A country without a history is like a person without a memory: it merely exists purposelessly, an organism without a soul or spirit.
'History' is the memory of a nation—and of course that is transmitted in the shape of a story, with heroes and enemies. By subverting memory, revisionists disable the nation, reduce it to a cypher which can easily be manipulated to an external agenda.
Ireland is in the unique position in the world of having given the guardianship of its collective memory to academics with agendas of their own. For some of these the idea of nationality is problematical. Some believe that the 30-year Provisional campaign in Northern Ireland was an expression of irredentism. (They are wrong: the Northern war was internally generated by an impossible Constitution forced on Northern Ireland by a British administration in 1920.) The motives of others are less creditable: they serve another country.

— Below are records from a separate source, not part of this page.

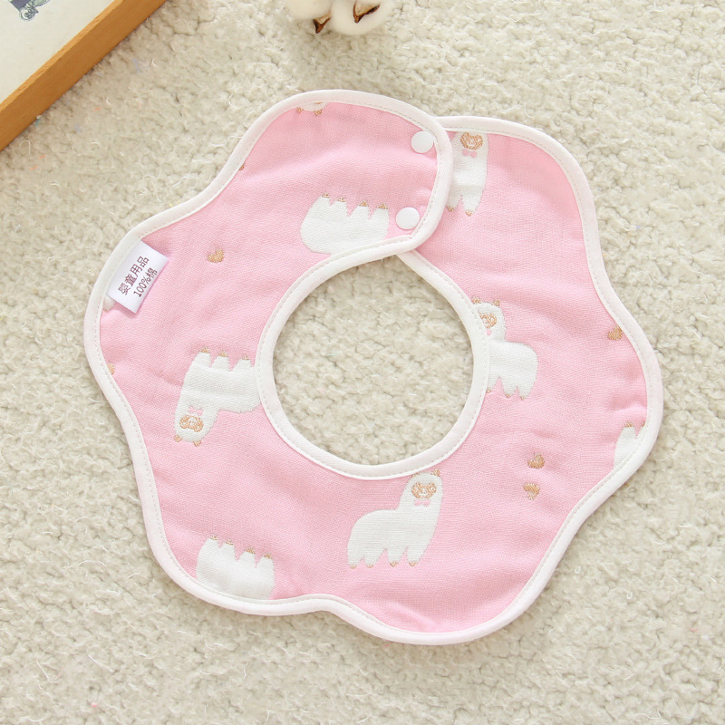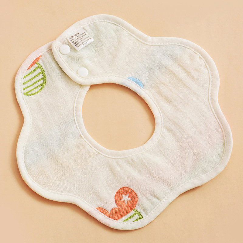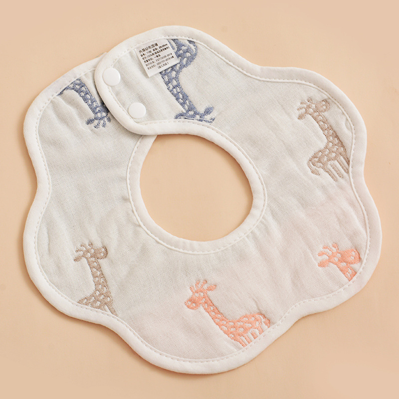 花瓣围嘴全棉厂家直销批发360八角六层纱布纯棉梅花瓣围嘴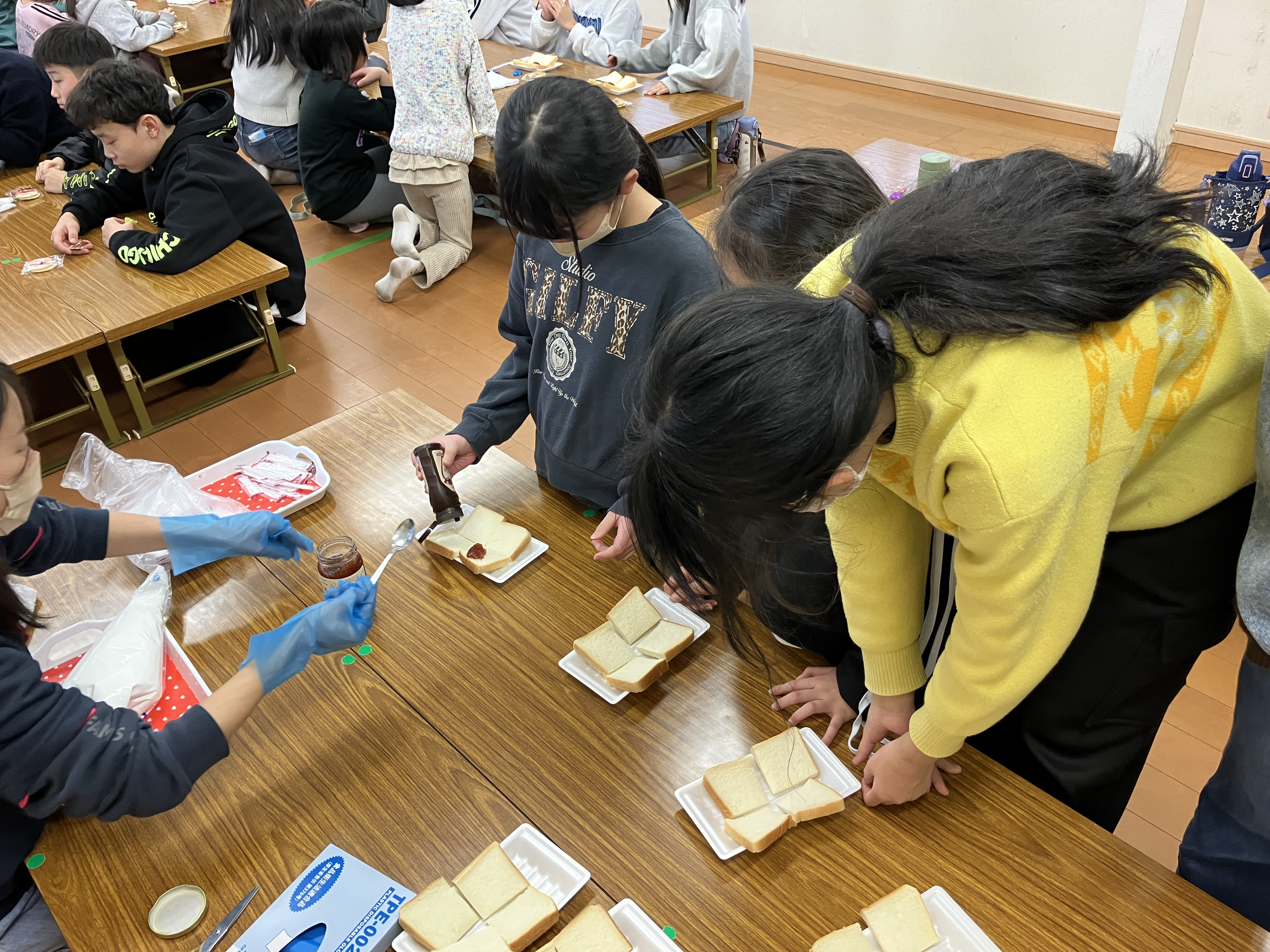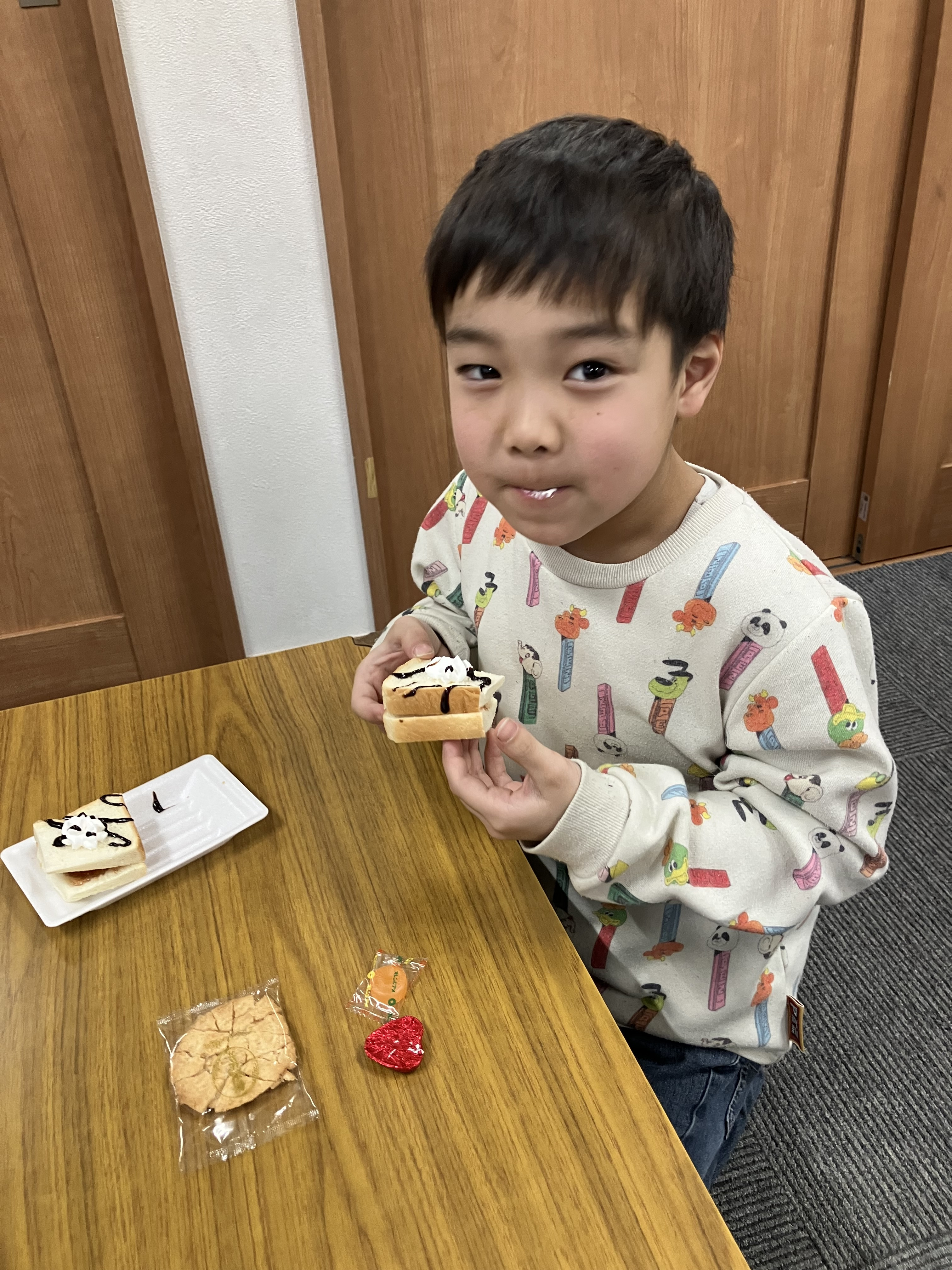 食パンに生クリームやチョコソース、ジャムをのせて・・・いただきま~す!!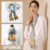 スカーフ シルクスカーフ ストール マフラー サテンスカーフ 襟巻 ミニサイズ(15*150CM)小さめ 首元 おしゃれ 春夏 レディース コンパクト 通勤 ギフト 高品質 プレゼント ギフト 母の日 衣装 舞台 制服 ブルー | TPSどんどん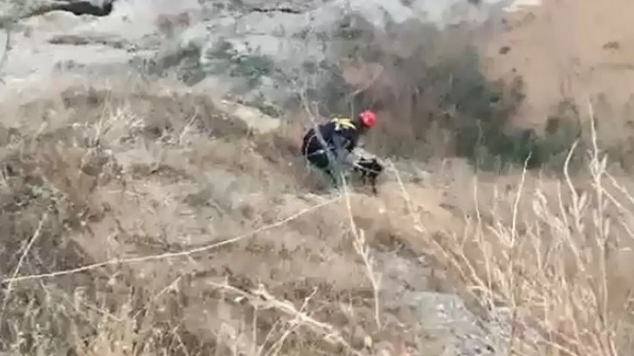 Aydın'ın Nazilli ilçesinde dağlık alanda mahsur kalan bir köpek Aydın Büyükşehir Belediyesi İtfaiye Daire Başkanlığı Nazilli İtfaiye Amirliği ekiplerinin çalışması sonucu kurtarıldı.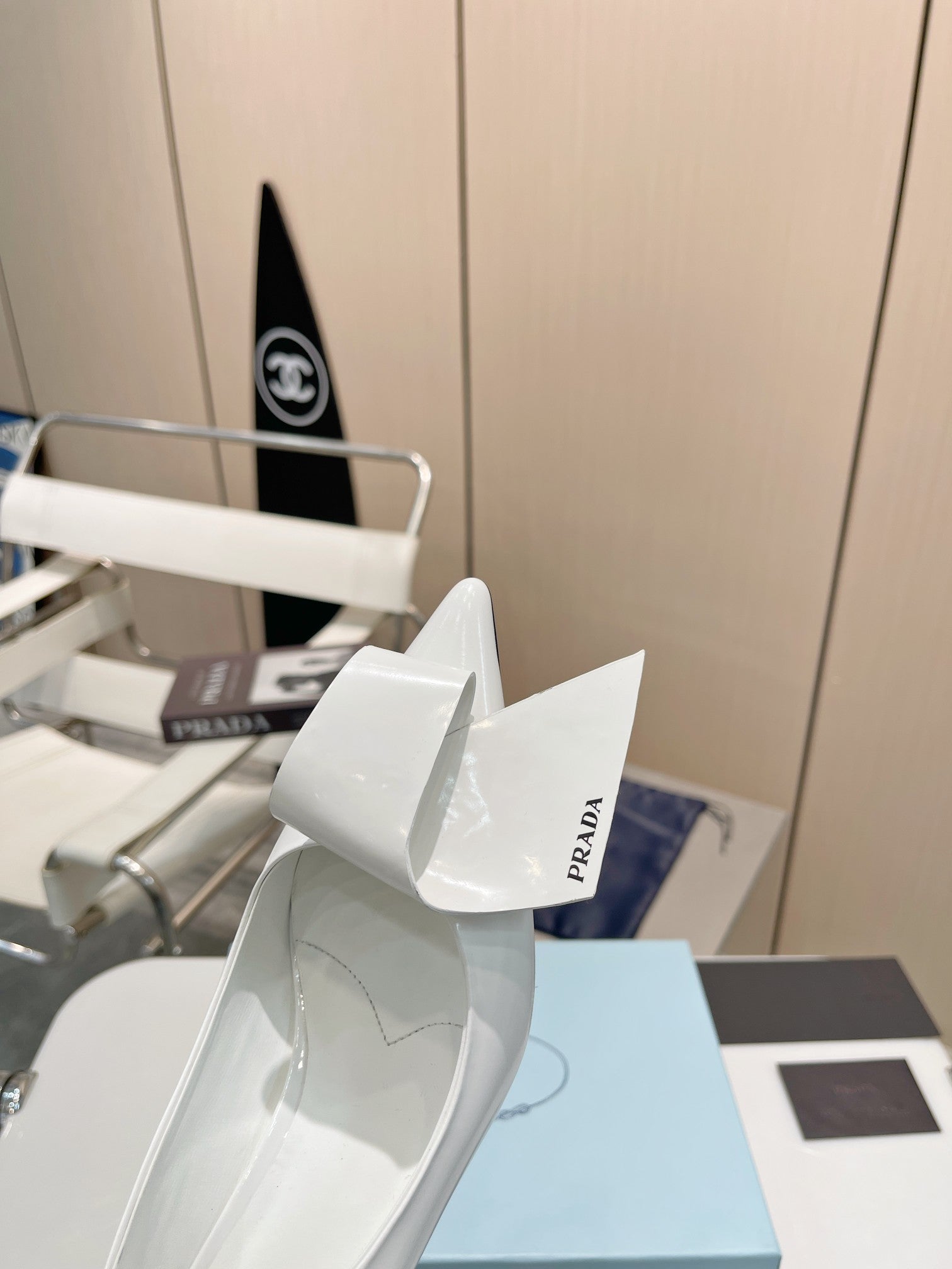 POINTED TOE PUMPS KITTEN HEEL IN WHITE GLOSSY LAMBSKIN WITH BOW
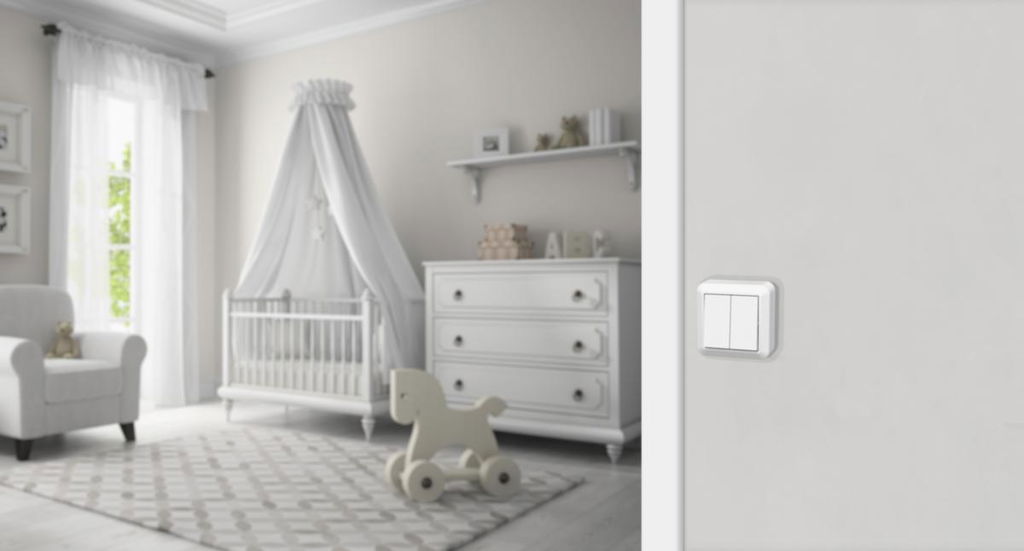 Strömbrytare Utanpåliggande kron, Connect 2 Home, från Gelia. Strömbrytaren levereras inklusive impulsfjäder. När strömbrytaren ska användas tillsammans med en dosdimmer/dimmerpuck behöver impulsfjädern monteras för att få en återfjädrande funktion på vippan. Endast en vippa kan användas med impulsfjäder på brytare med fler vippor.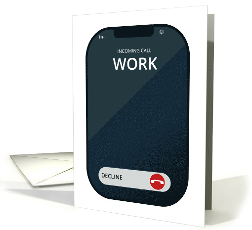 Illustrated humorous retirement card for anyone. A generic cell phone screen showing the user interface for declining an incoming work call. Connectivity and energy bars are visible near the top of the screen.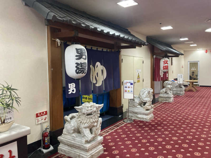大きくて広くて絨毯張りの館内、天井が高く広く種類豊富でプールまである浴室、日替わり漢方湯と露天の寝ころび別府の湯が良かった。サ室は広くレトロなカラカラ系で結構熱く感じた。そして馬?の像から水がジャバジャバ出ている広めの水風呂はゆっくりと入っていられる。そして露天でテレビを見ながらの外気浴、プールサイドの大窓からの隙間風を浴びながらの内気浴、どちらも良い。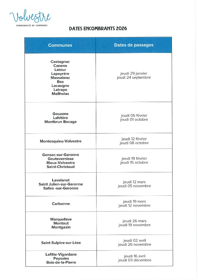 Ramassage des ordures (modifications des dates de collectes) et collecte des encombrants 2025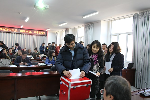 会议第二阶段,进行了公司中层干部年度述职及测评,公司各系(中心)主任、三办主任、团委书记依次登台述职,全体参会教职工对其进行了民主测评。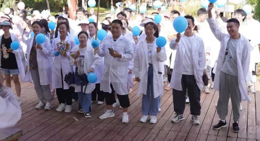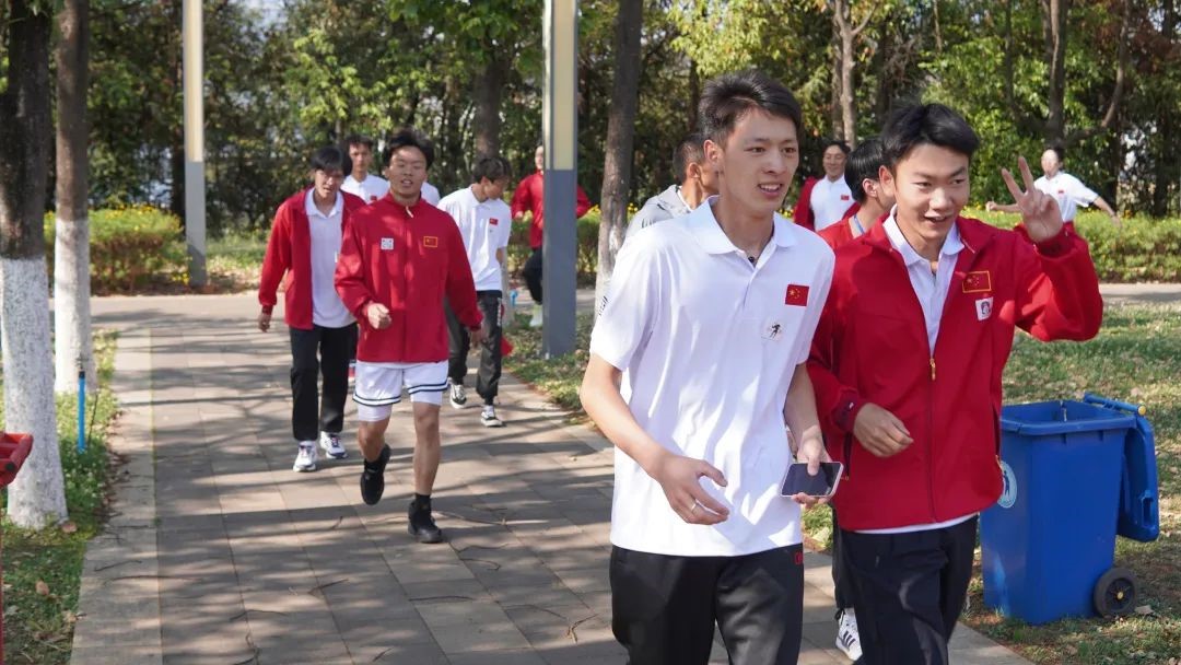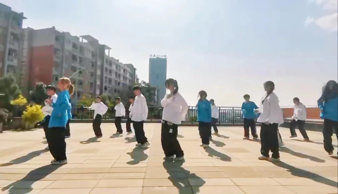 毕竟是健步走比赛,赛前热身自然是少不了的,在领操同学的带领下,同学们跳起了“专属”的热身操。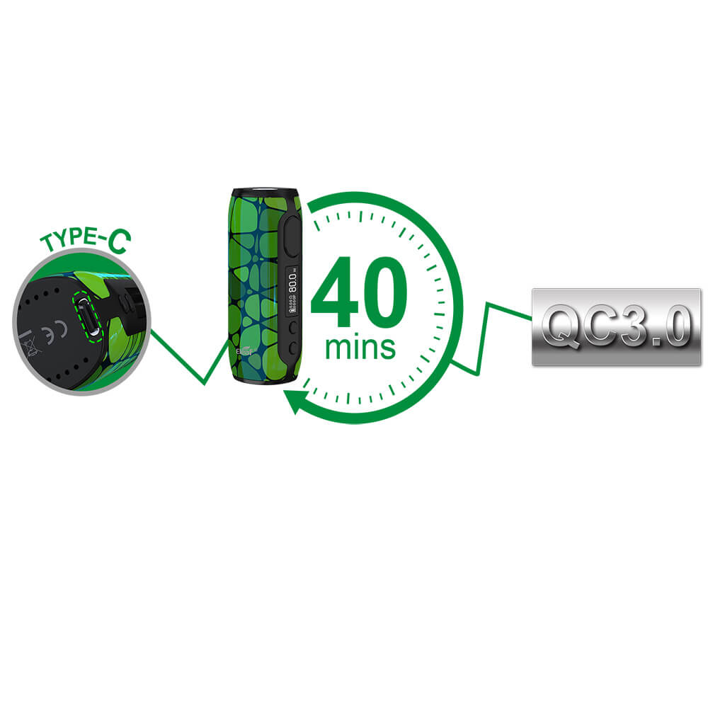 Dem Mod wurde ein integrierter Akku verbaut, der über eine Kapazität von 3000mAh verfügt. Diese sollte für eine ganze Weile ausreichen, kann aber nach Verbrauch in nur 40 Minuten Ladezeit, mit dem 3.0A QC, via USB aufgeladen werden. Dank des verbauten Chipsatzes kann eine maximale Ausgangsleistung bis zu 80W erreicht werden. Dabei erstreckt sich der Widerstandbereich von 0.05 Ohm-3.0 Ohm. Desweiteren beinhaltet der Chip zur Sicherheit verschiedene Schutzfunktionen. Auf dem kleinen OLED-Display können alle Vape-Informationen klar abgelesen werden. Das Handling und die Menüführung wurden besonders benutzerfreundlich entwickelt. Der große Feuertaster ist bequem erreichbar. Der untere Teil der Taste ist gesperrt, so dass nur der obere Bereich gedrückt werden muss.

What cannot be denied is that university external examiners, who decide whether doctoral theses in Irish history pass muster, are in the pay of a different jurisdiction. The History Departments of Irish Universities have been colonised by those who are content with this situation.
Thus it was that Irish children were taught different versions of history in the schools and in the universities during a transitional generation. How long will it be before all the schools have the new Oxford line? David Alvey's warnings (Appendix One) are particularly apposite here.
In the universities, even the subjects which are chosen for research, and the parameters for investigation, are carefully controlled to prevent 'thought-crime'.
The yearly reading lists provided by each History Department throughout the Irish universities are not meant to be advisory, to be discarded if students consider they provide too narrow a focus. Rather they are litmus tests by which the student's attentiveness to departmental direction is gauged and marked. Naturally Foster is always on those lists.
Between like-minded internal and external examiners, the students are caught up in an ideological net with their very careers determined by how uncritically they reflect the revisionist ideology back to their examiners/lecturers.
And so the game goes on. Foster has been described as nothing more than a "showman", who flees questioners at conferences. But I think his presence is still baleful and powerful, while his books—which Bradshaw politely described as having "a natural anti-Irish bias"—remain on mandatory reading lists.
This project has been over two years in gestation. But, though some time has elapsed since the publication of the books and the reviews which form its subject-matter, the work unfortunately still remains as relevant as ever. But we hope that this 'Envoi' will enable us to 'take leave of Mr. Foster' and the whole revisionist agenda to manipulate the memory of Ireland.